* _Work instruction_: Without including any image, repeat every record exactly.

* _Data entries_:
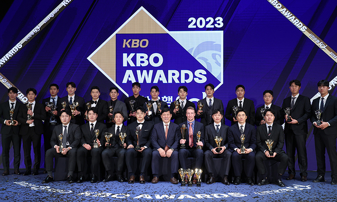 풍성한 수확의 계절이다. 27일 서울 웨스틴조선호텔에서 ‘2023 신한은행 SOL(쏠) KBO 시상식’이 열렸다. 한 시즌 구슬땀을 흘린 선수들이 한 자리에 모였다. 익숙한 유니폼 대신 말끔한 정장 차림이었다. 각 부문 타이틀 홀더와 함께 최우수선수(MVP), 신인왕 등이 공개됐다. 올해부턴 수비상이 신설돼 큰 관심을 모았다. 관계자들뿐 아니라 선수들의 가족, 팬 등도 현장을 찾았다. 한 명 한 명 수상자의 이름이 발표될 때마다 뜨거운 박수와 함성소리가 쏟아졌다.
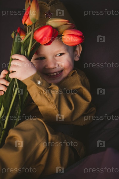 9 мая. Двухлетний мальчик в военной форме с букетом красных тюльпанов на фоне цветущей сакуры. Концепция Дня Великой Победы 1941-1945 гг. и Дня защитника Отечества
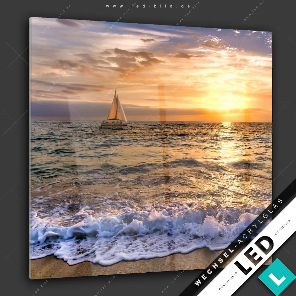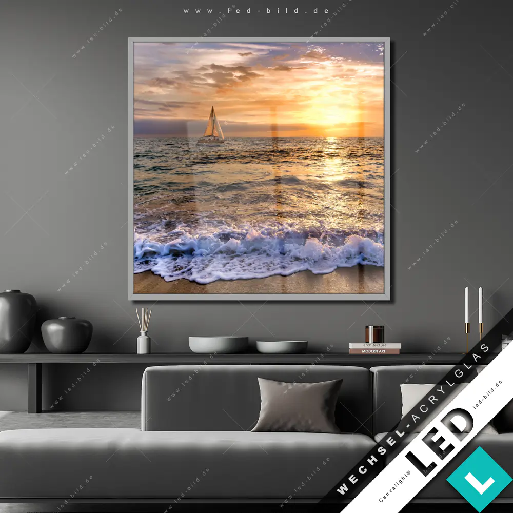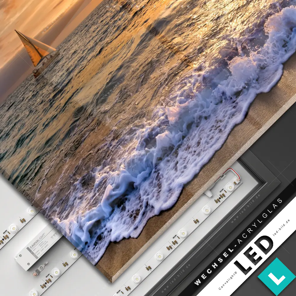 Canvalight® Wechsel-Acrylglas | Goldenes Licht am Meer | Quadrat
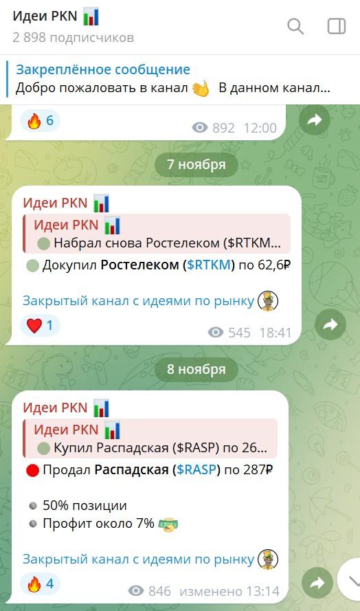 На момент написания нашего обзора у канала 5 331 подписчиков. Но просмотров гораздо меньше, а реакций, комментариев и вовсе единицы. Это говорит о том, что автор воспользовался сервисами накрутки участников.Второй канал в Телеграм – это «Идеи PKN». Здесь создатель публикует личные точки входа. Но просто делится ими, не призывая никого торговать. В этой группе 2 898 подписчиков. Просмотров больше, чем в основной, но реакций очень мало, а комментарии вовсе отключены.
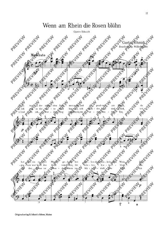 "Wenn am Rhein die Rosen blühn" Sheet Music by Gustav Schmidt
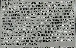 Haut de la Garenne began in 1867 as an industrial school for "young people of the lower classes of society and neglected children".[1] The construction of the school was funded at a cost of £2,410[2] by the Assembly of Governor, Bailiff and Jurats in order to house and educate boys formerly looked after at the General Hospital in Saint Helier.[3] On 22 June 1867, 45 boys were transferred by coach to the new institution, overseen by Jurats Neel and Aubin, Charles Simon, director of the hospital, and Mr. Higginbottom, master of the new school.[4]
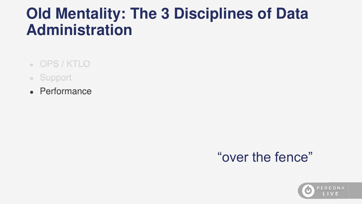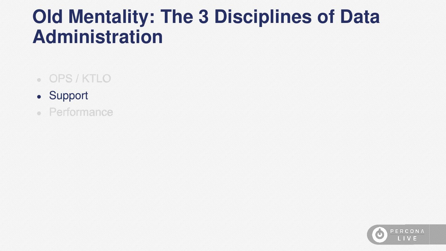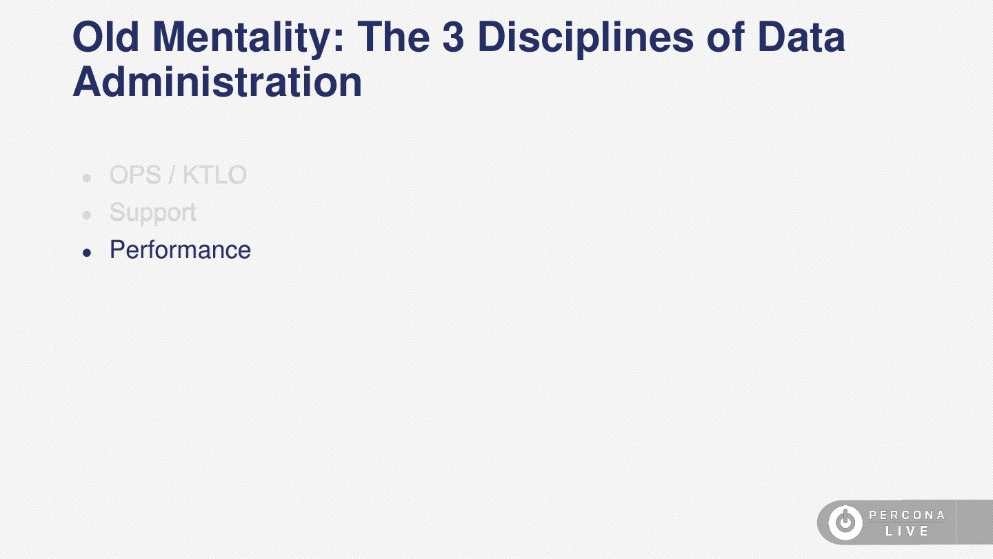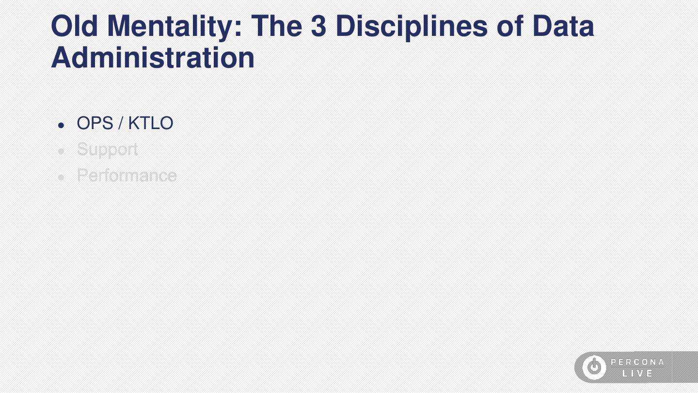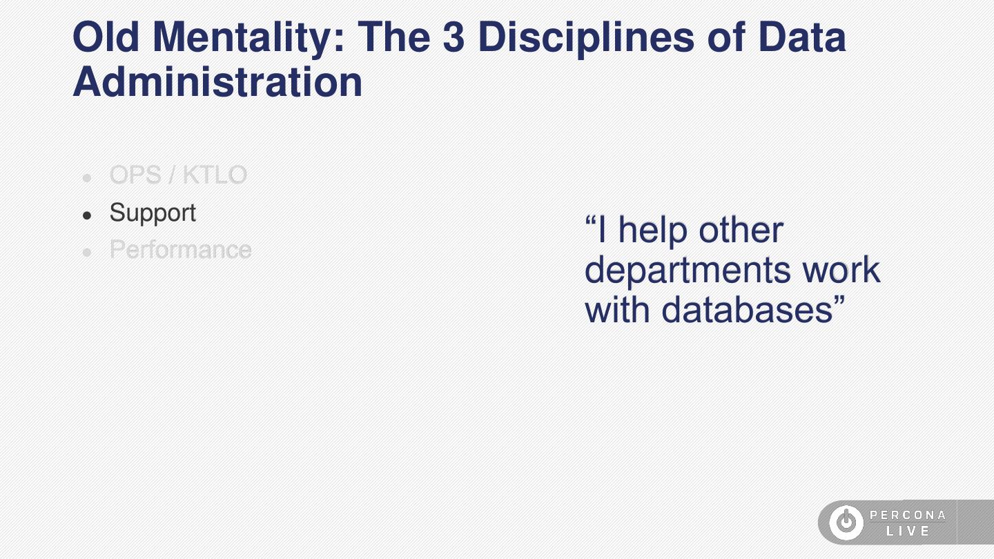 7 .Old Mentality: The 3 Disciplines of Data Administration ● OPS / KTLO ● Support ● Performance
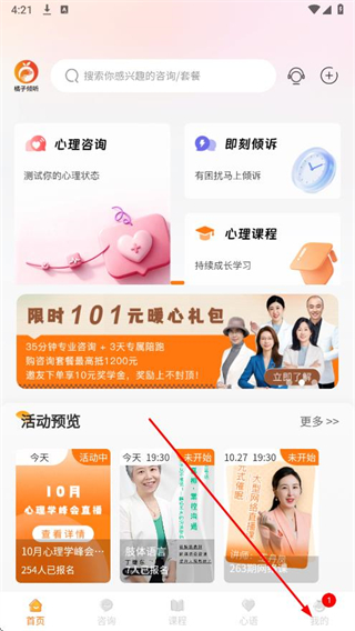 1、打开橘子倾听app,点击底部导航栏中的我的选项。
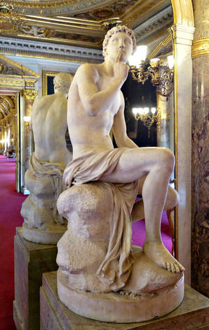 Chalgrin décore chacune des faces du salon de quatre avant-corps avec entablement posé sur deux colonnes de marbre à chapiteau composite. Chacun est surmonté d’un trophée et d’un buste antique, dont le fameux César de Pajou. L’architecte y expose également les statues de la Prudence, commandée à Deseine en 1802, et celle d’Harpocrate, dieu du silence, commandée à Mouchy avant la Révolution pour Louis XVI, et toujours en place dans le salon.
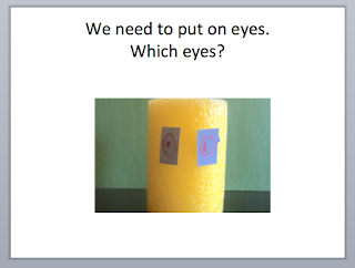 -construction paper and/or googly eyes (eyes, nose mouth----we'll use construction paper to add in extra language choices about which color to use, whether we want big or small eyes, etc)
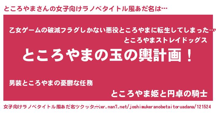 | 男性向けラノベタイトル風あだ名 | 『ところやま~年齢イコール彼女いない歴の魔法使い~』 |

* _Exercise solution_:
 풍성한 수확의 계절이다. 27일 서울 웨스틴조선호텔에서 ‘2023 신한은행 SOL(쏠) KBO 시상식’이 열렸다. 한 시즌 구슬땀을 흘린 선수들이 한 자리에 모였다. 익숙한 유니폼 대신 말끔한 정장 차림이었다. 각 부문 타이틀 홀더와 함께 최우수선수(MVP), 신인왕 등이 공개됐다. 올해부턴 수비상이 신설돼 큰 관심을 모았다. 관계자들뿐 아니라 선수들의 가족, 팬 등도 현장을 찾았다. 한 명 한 명 수상자의 이름이 발표될 때마다 뜨거운 박수와 함성소리가 쏟아졌다.
 9 мая. Двухлетний мальчик в военной форме с букетом красных тюльпанов на фоне цветущей сакуры. Концепция Дня Великой Победы 1941-1945 гг. и Дня защитника Отечества
 Canvalight® Wechsel-Acrylglas | Goldenes Licht am Meer | Quadrat
 На момент написания нашего обзора у канала 5 331 подписчиков. Но просмотров гораздо меньше, а реакций, комментариев и вовсе единицы. Это говорит о том, что автор воспользовался сервисами накрутки участников.Второй канал в Телеграм – это «Идеи PKN». Здесь создатель публикует личные точки входа. Но просто делится ими, не призывая никого торговать. В этой группе 2 898 подписчиков. Просмотров больше, чем в основной, но реакций очень мало, а комментарии вовсе отключены.
 "Wenn am Rhein die Rosen blühn" Sheet Music by Gustav Schmidt
 Haut de la Garenne began in 1867 as an industrial school for "young people of the lower classes of society and neglected children".[1] The construction of the school was funded at a cost of £2,410[2] by the Assembly of Governor, Bailiff and Jurats in order to house and educate boys formerly looked after at the General Hospital in Saint Helier.[3] On 22 June 1867, 45 boys were transferred by coach to the new institution, overseen by Jurats Neel and Aubin, Charles Simon, director of the hospital, and Mr. Higginbottom, master of the new school.[4]
 7 .Old Mentality: The 3 Disciplines of Data Administration ● OPS / KTLO ● Support ● Performance
 1、打开橘子倾听app,点击底部导航栏中的我的选项。
 Chalgrin décore chacune des faces du salon de quatre avant-corps avec entablement posé sur deux colonnes de marbre à chapiteau composite. Chacun est surmonté d’un trophée et d’un buste antique, dont le fameux César de Pajou. L’architecte y expose également les statues de la Prudence, commandée à Deseine en 1802, et celle d’Harpocrate, dieu du silence, commandée à Mouchy avant la Révolution pour Louis XVI, et toujours en place dans le salon.
 -construction paper and/or googly eyes (eyes, nose mouth----we'll use construction paper to add in extra language choices about which color to use, whether we want big or small eyes, etc)
 | 男性向けラノベタイトル風あだ名 | 『ところやま~年齢イコール彼女いない歴の魔法使い~』 |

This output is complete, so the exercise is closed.